Transform Education


In my opinion the biggest issue in the school system is that it has outlived its design. The whole system of teaching young people the same thing at the same time and at the same pace was designed to prepare a compliant workforce and willing consumers to staff and fuel Europe’s industrial revolution. Because it succeeded in its primary purpose it has been used as the model ever since. This is a ‘one size fits all’ view of Education.

We continue to head down the road that is standardized testing, drill and practice and one-size-fits-all schooling. Schools are not measured on students’ ability to think critically, to be creative or expressive. They are measured by the number of students that have performed to minimum levels against standardized tests. For many of us who have been through the system, our memories of the classroom are often of boredom, repetition and a sense that we couldn’t get out of there soon enough. Given the wealth of resources available for the modern classroom, the alternatives that technologies offer and our own less-than-happy memories of our schooling, it seems that we (government, teachers, administrators, business leaders, parents, and so on) are denying children the opportunities to be creative, turning them into the same compliant consumers that we have become. We are encouraging them to wish their childhood away, as many of us did, in a race to get out of the system.  This is less of a ‘no child left behind’ system than a most children left behind one.

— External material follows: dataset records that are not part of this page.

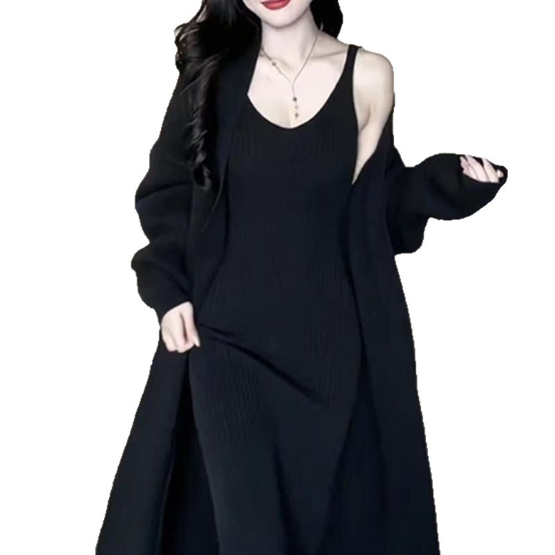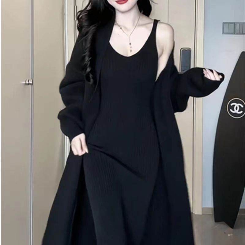 느슨한 서리 녹색 그림 여신 팬 부드러운 기질 니트 코트 원피스 스웨터 긴 치마 투피스 게으른스토어 가기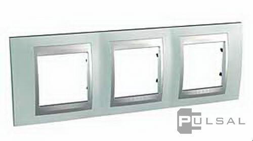 Рамка Unica Top, 3 поста, цвет - флюорит, алюминий, металл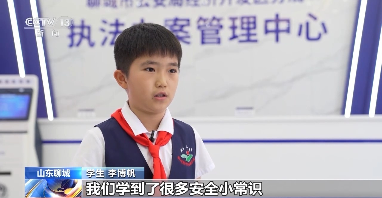 在山东省聊城市公安局开发区分局,同学们在民警的带领下,现场参观、亲身体验、互动参与,了解警察的工作以及各种安全小常识,民警还给孩子们带来了生动的法治宣传课,给他们进行普法启蒙。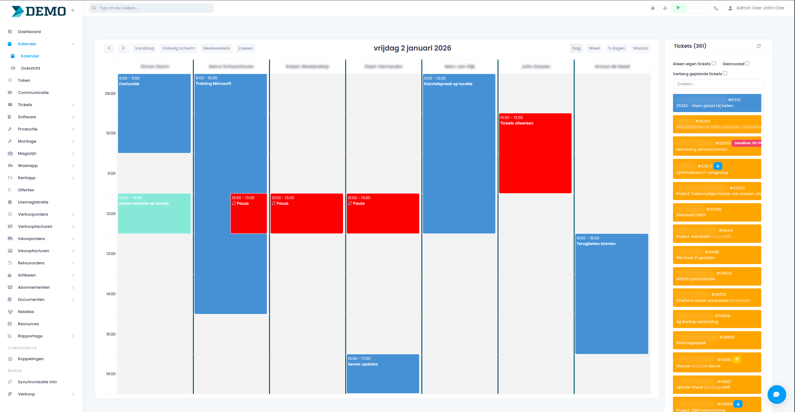Toelichting afbeelding: Hierboven zie je een voorbeeld waarbij je tickets eenvoudig in de agenda kunt slepen. Daarnaast is het mogelijk om tickets te zoeken of te filteren.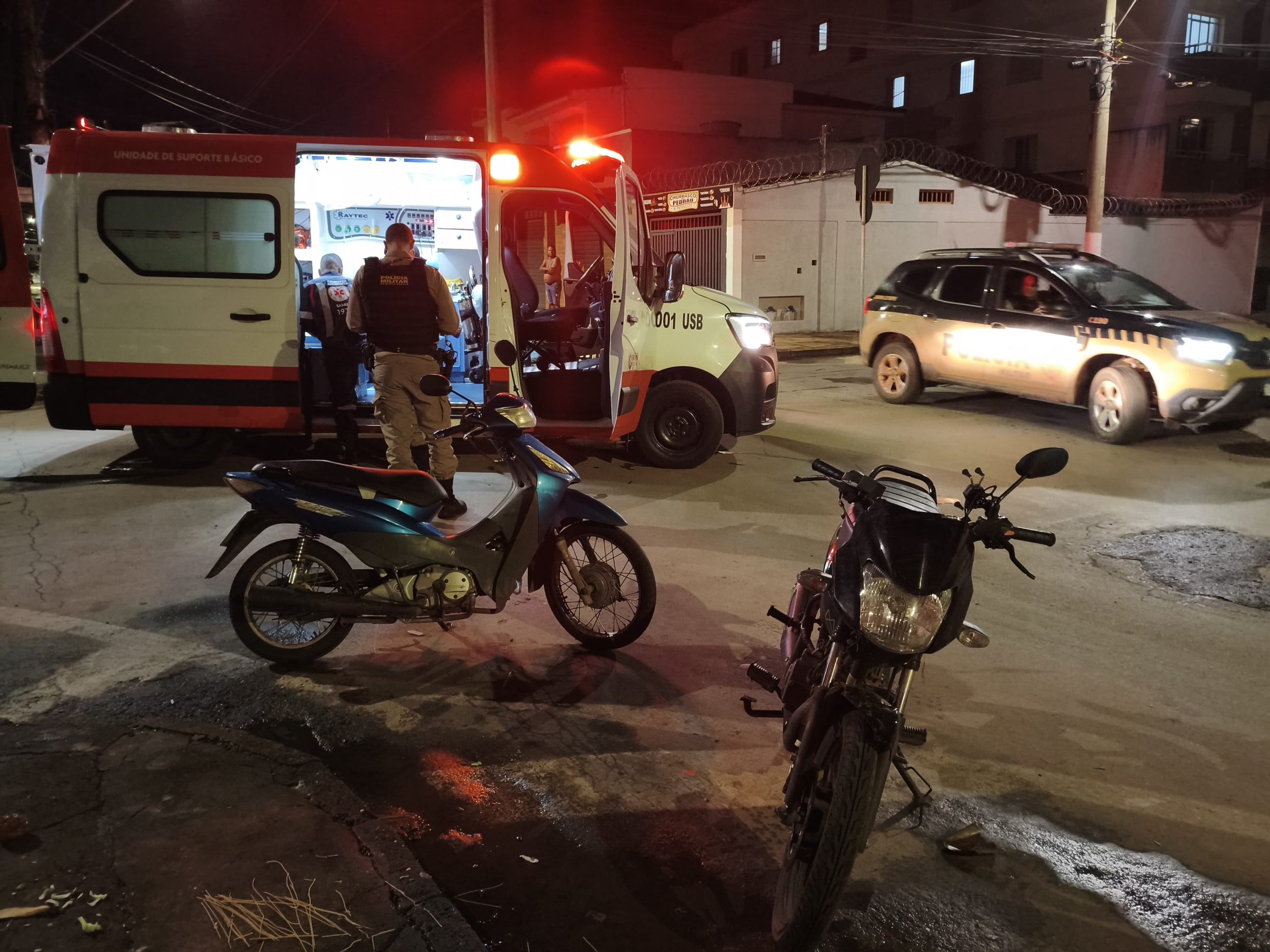 De acordo com a Polícia Militar, um motociclista de 25 anos conduzia uma Mottu/Sport 110cc pela Rua Rui Barbosa quando avançou a parada obrigatória e atingiu uma Honda/Biz que seguia pela via preferencial. Com o impacto, os dois condutores foram arremessados ao solo.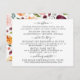 Les cartes d'information des mariages comprennent la réception, l'hébergement pour deux hôtels et les informations sur le site Internet des mariages. Le dos de la carte présente un motif floral de belles fleurs d'aquarelle, dont des roses, des dahlias, des fleurs de pivoines et de la verdure, dans une magnifique palette automnale de rouge bordeaux, jaune doré, orange pêche, rose roux et tons verts.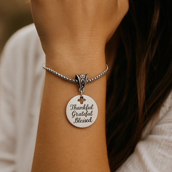 This elegant stainless steel bracelet from JKCE Designs features a beautifully engraved round charm that reads “Thankful Grateful Blessed.” Measuring approximately 25mm, the charm includes a delicate cross cut-out where it connects to the ornate bale, adding a meaningful touch of faith and gratitude. The bracelet itself is crafted from high-quality stainless steel with a rounded box chain, offering both durability and shine. Available in your choice of lengths, this timeless piece makes a perfect gift for birthdays, holidays, or as a daily reminder of thankfulness and faith.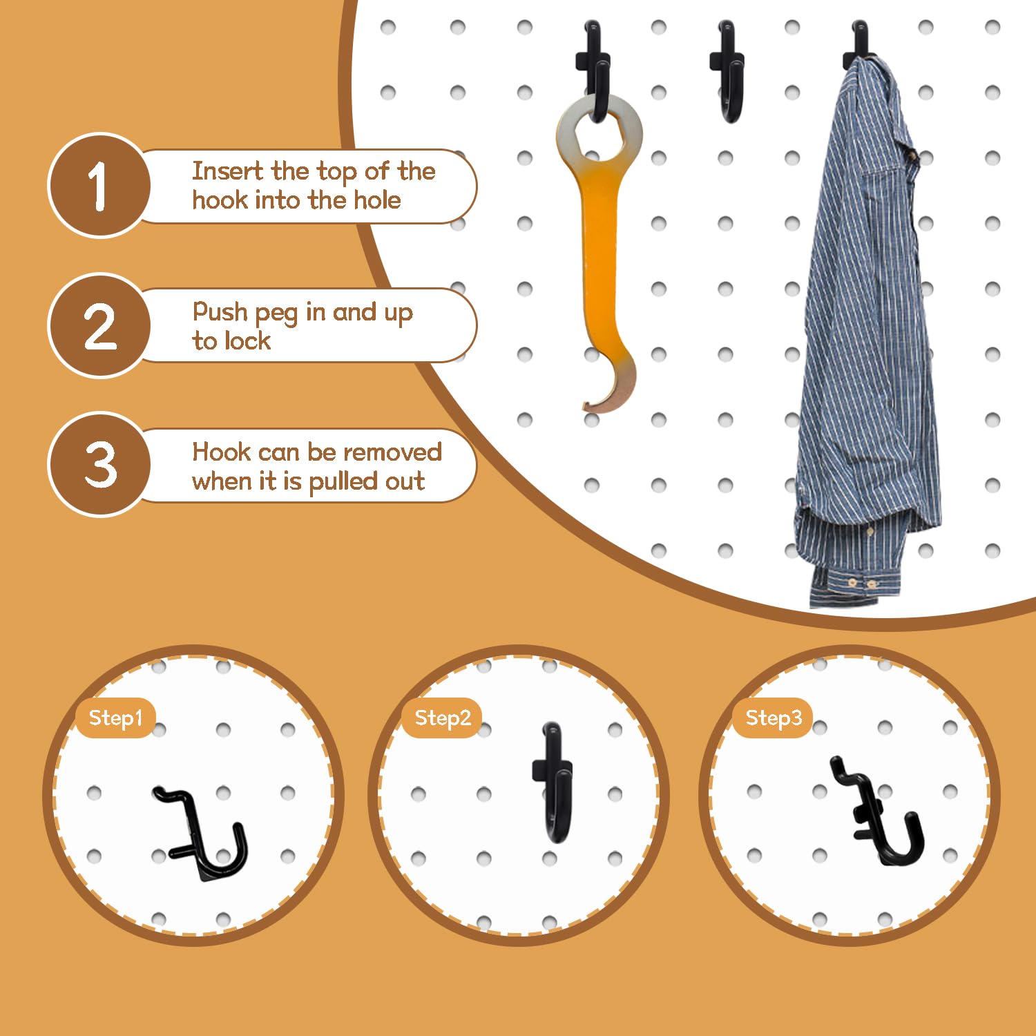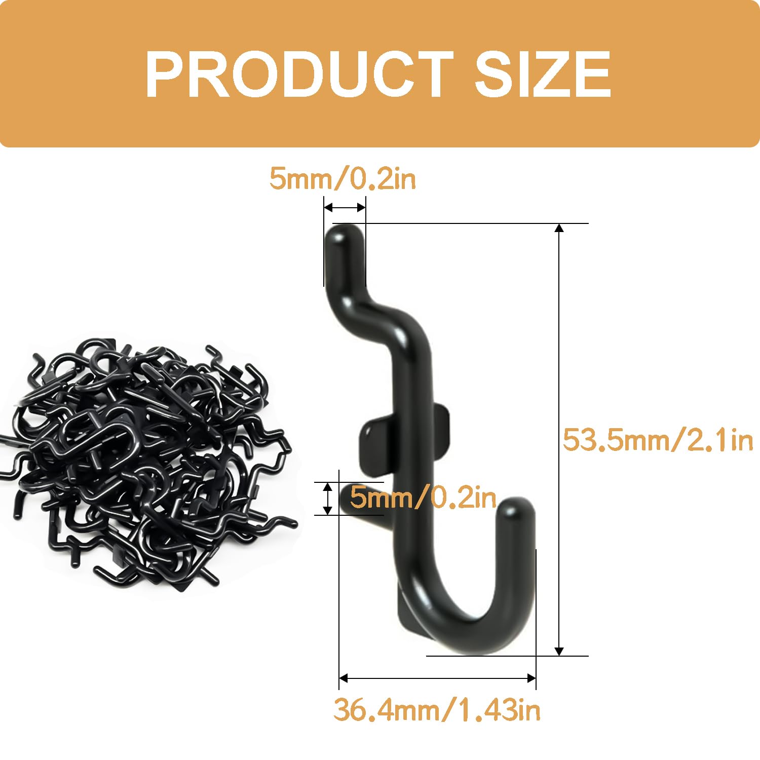 - 【PRODUCT SIZE】The color of the peg hooks are black, you will get 100pcs J hooks by using the 1/4 "installation hole pegs for pegboard

We are now in an era where ‘textbooks’ and/or accompanying resources no longer need to be linear (or merely linear), can have multiple entry points into topics and lessons, can self-mark and provide instant feedback and results to both teachers and students. Lessons can be tailored to account for visual, auditory and kinesthetic learners. Better use of technology can free teachers from teaching all students the same things at the same pace and give every student the chance to learn.  Here is an example of what can be done with content: www.hotmaths.com.au

The current schooling system has to go. It is not enough to want to improve schools, replace standardized tests with results that demonstrate critical thinking, imagination and creativity, educate more teachers to use new technologies and stop expecting every child to learn according to an unrealistic standardized timetable. Spending more and more on making minor improvements is not enough. We need to transform education.